Over the years the disagreements between my wife and myself have gradually diminished to very few occurrences. And hurray! … we have been happily married for 35 of our 37 years of marriage! The first two years we had a hard time adjusting! Our disagreements during that period were almost fatal, until in a moment of breakthrough, we realized we were actually on the same team and should proceed with that in mind. Whatever skirmishes we have had since then were mostly minor and often humorous. But I can recall a day about four years ago when we hit a bump. Each of us was dealing with our own bothersome health issues, plus some other stresses such as moving to a new home.
Today in our marriage, bad days are fairly infrequent for us, and when they occur it usually works out that the one doing OK supports the one having the bad day. But … on that particular day we decided (not really) to each have our own bad day on the same day … and express it forcefully! Such times can cause intense feelings of dissatisfaction. During the first couple of years I occasionally thought I should just leave, and although I’m afraid to ask (LOL), I’m fairly sure she had the some thought a few times. (Or maybe quite a few times … gulp!)
Have you ever been involved in something in which you reached a point of being ready to leave … “I’ve had enough” … “I can’t continue this”? In the Bible (John chapter 6), the great multitude of followers of Jesus were having a rough time with some of his “difficult” teachings, to the point that many of them decided to leave.
John 6:66 sounds like a bad number … and it is … From this time many of his disciples turned back and no longer followed him. (John 6:66)
The “chosen” twelve disciples must have been struggling with the same inner conflict, and Jesus asked them if they, too, wanted to leave. But the disciple Simon Peter blurted out a gem of a confession at this point.
“You do not want to leave too, do you?” Jesus asked the Twelve. Simon Peter answered him, “Lord, to whom shall we go? You have the words of eternal life.” (John 6:67-68) Now that is an amazing, Holy Spirit inspired declaration!

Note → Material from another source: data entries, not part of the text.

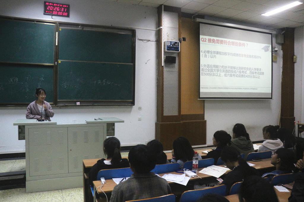 会上,张慧敏通过介绍推免生的条件、申请公司的流程,使同学们对推免政策有了初步的认识。她重点介绍了推免需要达到的学业条件:平均学分绩点2.5以上(含);必修课程加权成绩排名在本专业20%(含);通过四六级考试。宋艳伶就自己大学期间的经历向同学们分享了学习、科研经验,她提出:要提前规划自己的老员工活,平衡好学习与其它活动的关系,把握员工学习主业。会议最后,同学们就自己关心的问题与张慧敏、宋艳伶进行深入交流。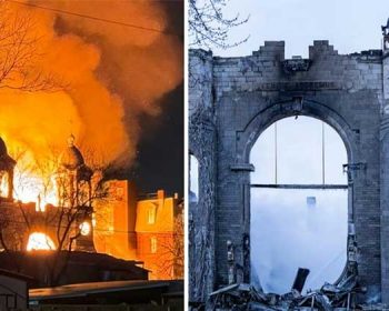 كنيسة كندية تحوّلت إلى أنقاض بعد حريق هائل
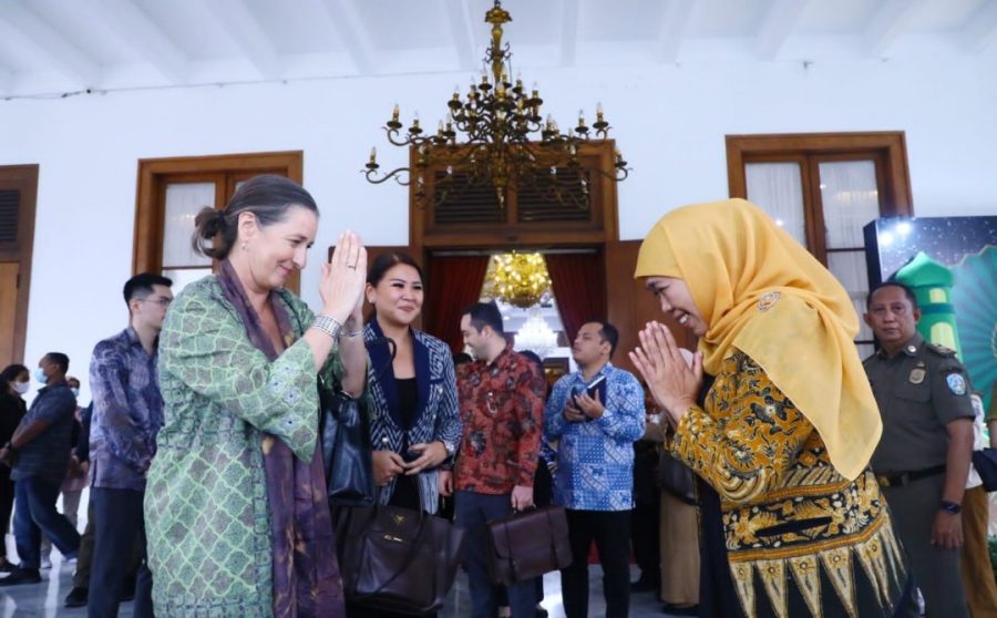 SURABAYATODAY.ID, SURABAYA – Gubernur Jawa Timur Khofifah Indar Parawansa menerima kunjungan Deputy Chief of Mission and Head Economic Affairs Embassy of the Kingdom of the Netherlands H.E. Mrs. Ardi Stoios-Braken di Gedung Negara Grahadi, Surabaya, Selasa (4/4). Dalam pertemuan itu, Gubernur Khofifah membahas sejumlah potensi kerjasama yang dapat dikembangkan di Jatim. Antara lain dalam pengelolaan air, pariwisata, pertanian dan peternakan serta pendidikan dan penilitian.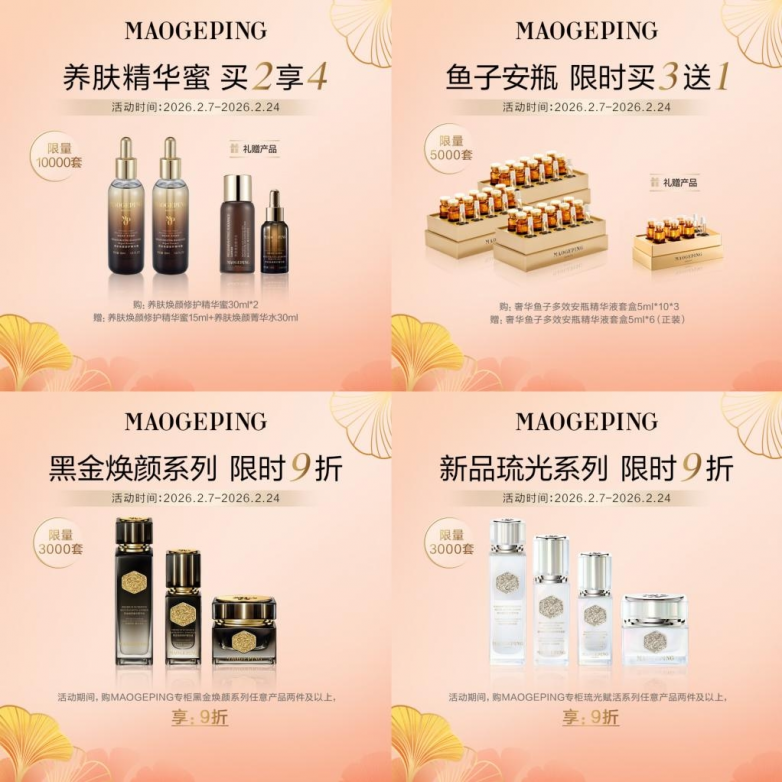 此外,活动期间,购MAOGEPING专柜黑金焕颜系列/琉光赋活系列任意产品两件及以上,享9折优惠,以高效仪式开启崭新一年的肌肤状态。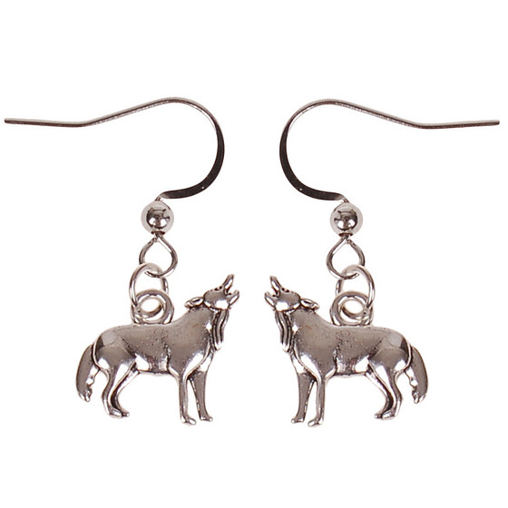 Oorbellen Zilverkleurig - Hangertje Huilende Wolf zilverkleurig 1,8cm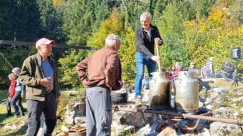 Le repas a lieu au milieu des ruines d’une ancienne marcairerie dont il ne reste plus que les murets en pierres sèches.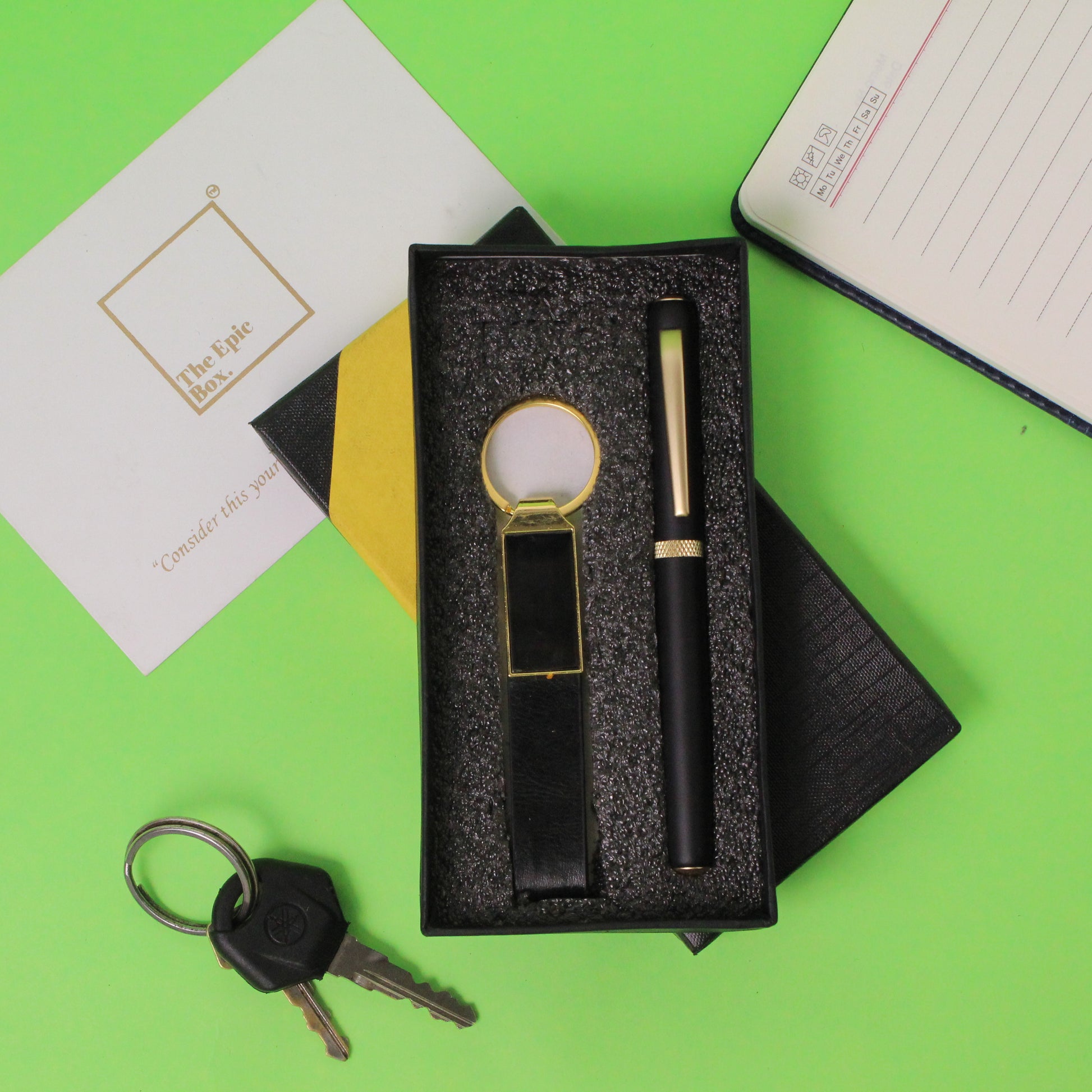 - Includes 1 sleek black-gold pen and 1 matching keychain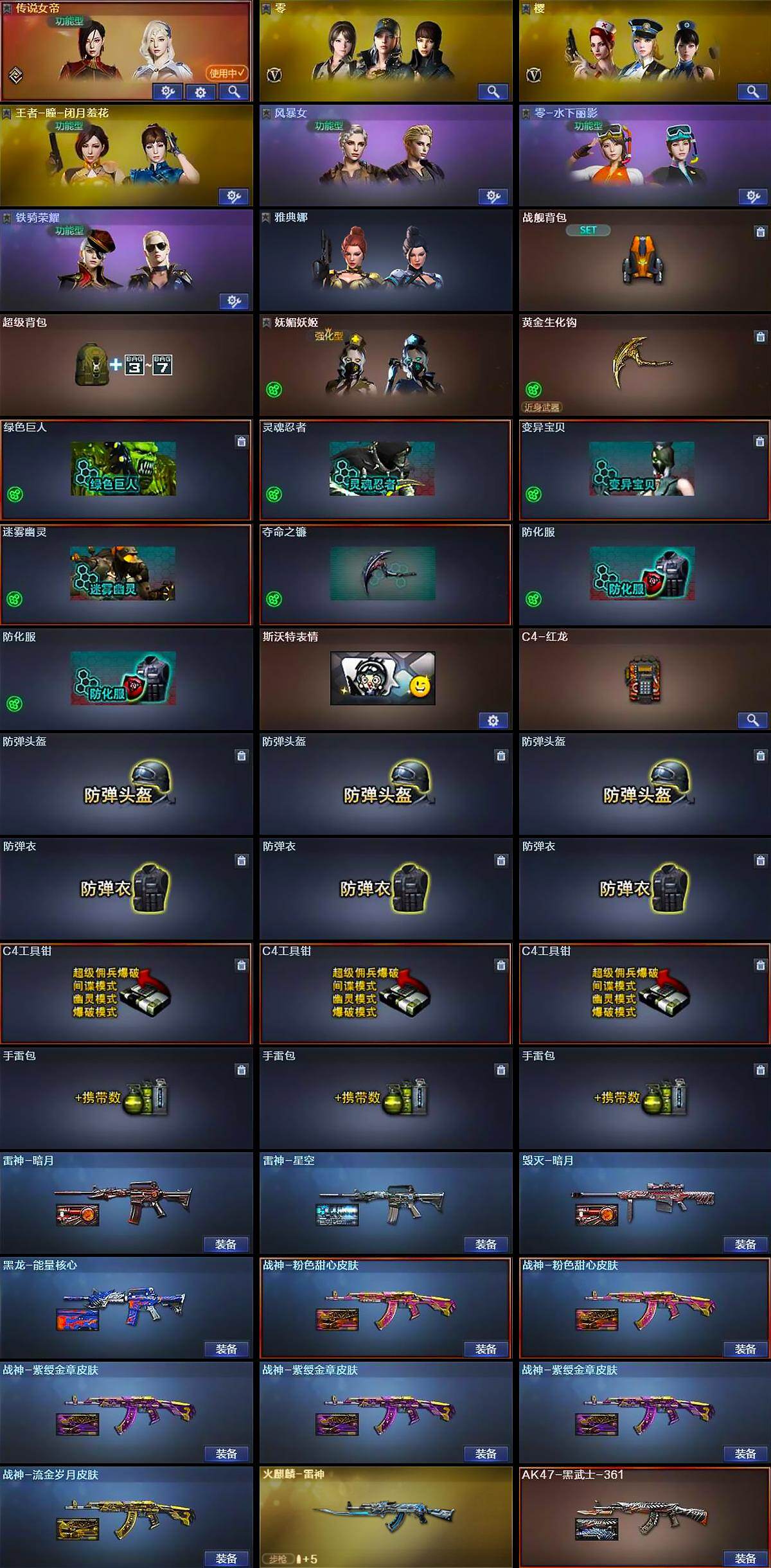 【道具】:战舰背包,超级背包,妩媚妖姬,黄金生化钩,绿色巨人,灵魂忍者,变异宝贝,迷雾幽灵,夺命之镰,防化服*2,斯沃特表情,C4-红龙,防弹头盔*3,防弹衣*3,C4工具钳*3,手雷包*3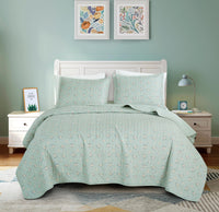 Chezmoi Collection Thistle 3-Piece Tranquil Floral Quilt Set Queen - Soft Green White Floral Printed Microfiber Lightweight Beds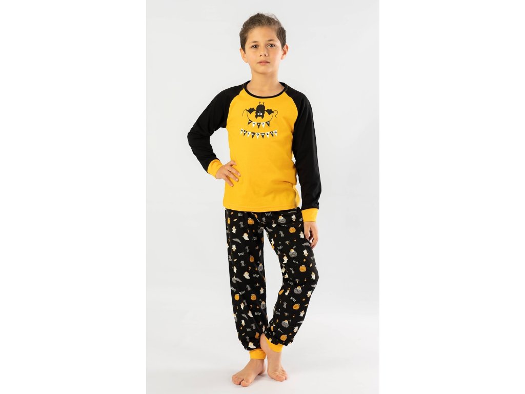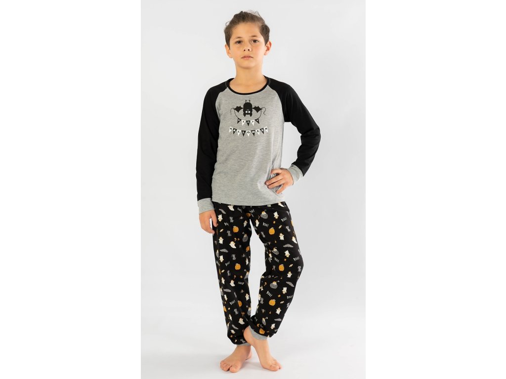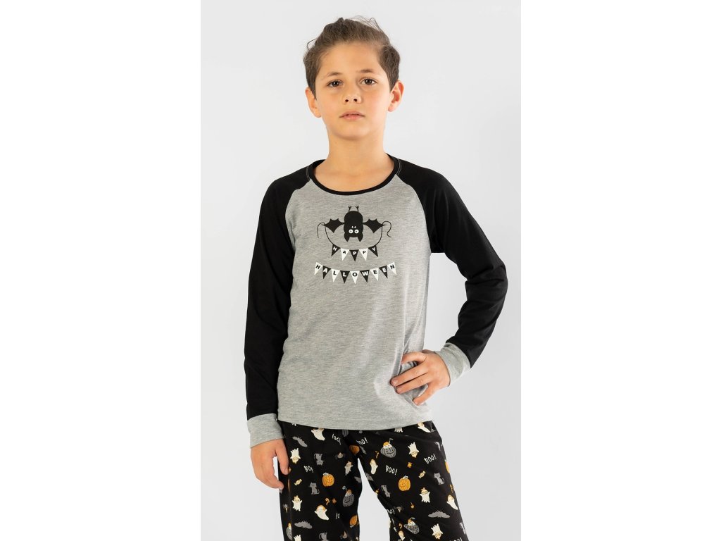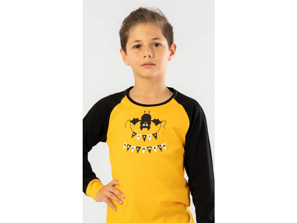 Dětské pyžamo dlouhé Netopýr. Pyžamo se skládá z trička s dlouhým rukávem a dlouhých kalhot. Na tričku, které má barevně odlišené rukávy, je obrázek netopýrka visícího hlavou dolu, který drží girlandu s nápisem Happy Halloween. Tričko je zakončeno panty. Panty jsou zakončeny i dlouhé kalhoty s halloweenskými motivy. Použitý materiál je jemný a poddajný na dotek. Pyžamo je vhodné i na denní nošení.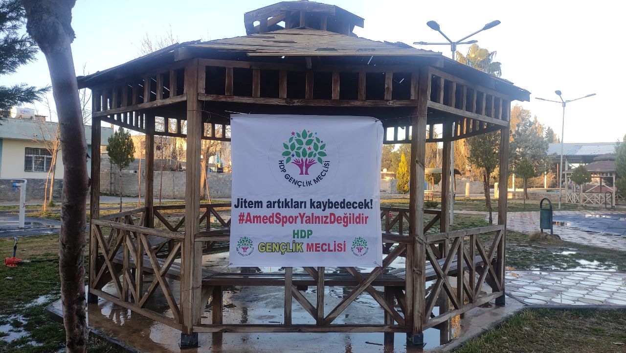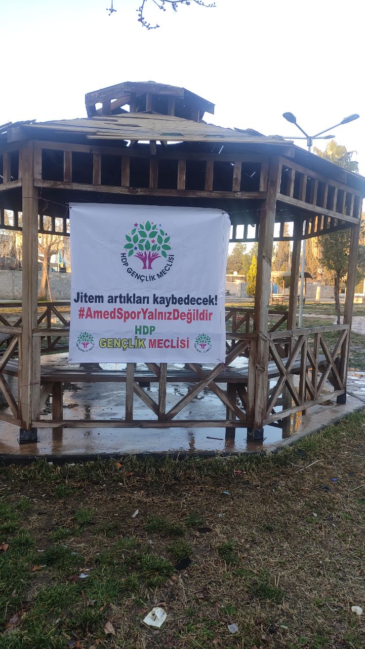 RIHA- Urfa HDP Gençlik Meclisi Bursaspor- Amedspor maçında, Bursaspor taraftarlarının faşist ve ırkçı saldırılarına karşı Ceylanpınar Musa Anter Parkı’nda pankart açtı.
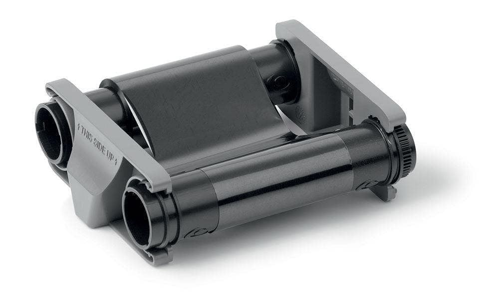 Black ribbon for printing 500 high resolution monochrome plastic cards. A transparent protective coating provides the cards with an additional seal for durability and water resistance.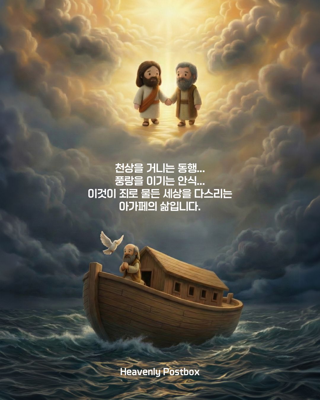 - 우리의 <혼과 몸>은 노아와 같습니다 : 심판과 고통의 물결이 출렁이는 세상 위에 떠 있지만, 내 인생의 노와 키를 내려놓고 오직 말씀의 인도함을 받는 '초월적 삶'을 사는 것입니다.
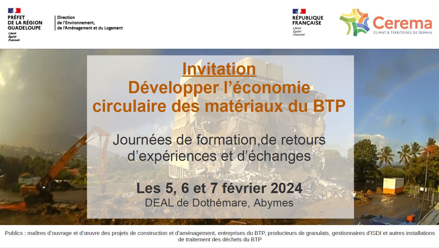 Formation les 5, 6 et 7 février 2024 - Développer l’économie circulaire des matériaux du BTP

Back to my story … For both my wife and I to be tired, cranky, and emotionally upset on the same day seemed like an enormous challenge, one which might have made us question if we could keep going. Frankly, this had probably been building for quite a few days. What do you do when this happens? As people of faith we can learn something from Simon Peter about what is the right question to ask. If we look to the God of our faith and into our inner being, the truth is obvious. After all, that same belief, foundation, attachment, and love that we have (and the disciples had) with Jesus, is also true for us in our marriage. … “Where would I go?” … and we know the answer … “You are the one.”
Many people give up on faith, marriages, jobs, friends, etc. because they jump without considering the question, “Where would I go?” That’s worth thinking about. Is there something you are about to give up on? Obviously, some things need to be abandoned, but in the case of faith or marriage or other things that God has a plan for, we need to ask, “where would I go?” The Holy Spirit reminded Simon Peter that the best place was right where he was, with Jesus, despite the struggle, questions, and doubts.
A few times in various circumstances of my life, I have jumped when I shouldn’t have. We all have done that. Dr. Phil would gladly jump in and say, “And how’s that working for you?” And the answer is … it’s not.
Sometimes dissatisfaction gives us the chance to realize and affirm that we are where we are for a reason.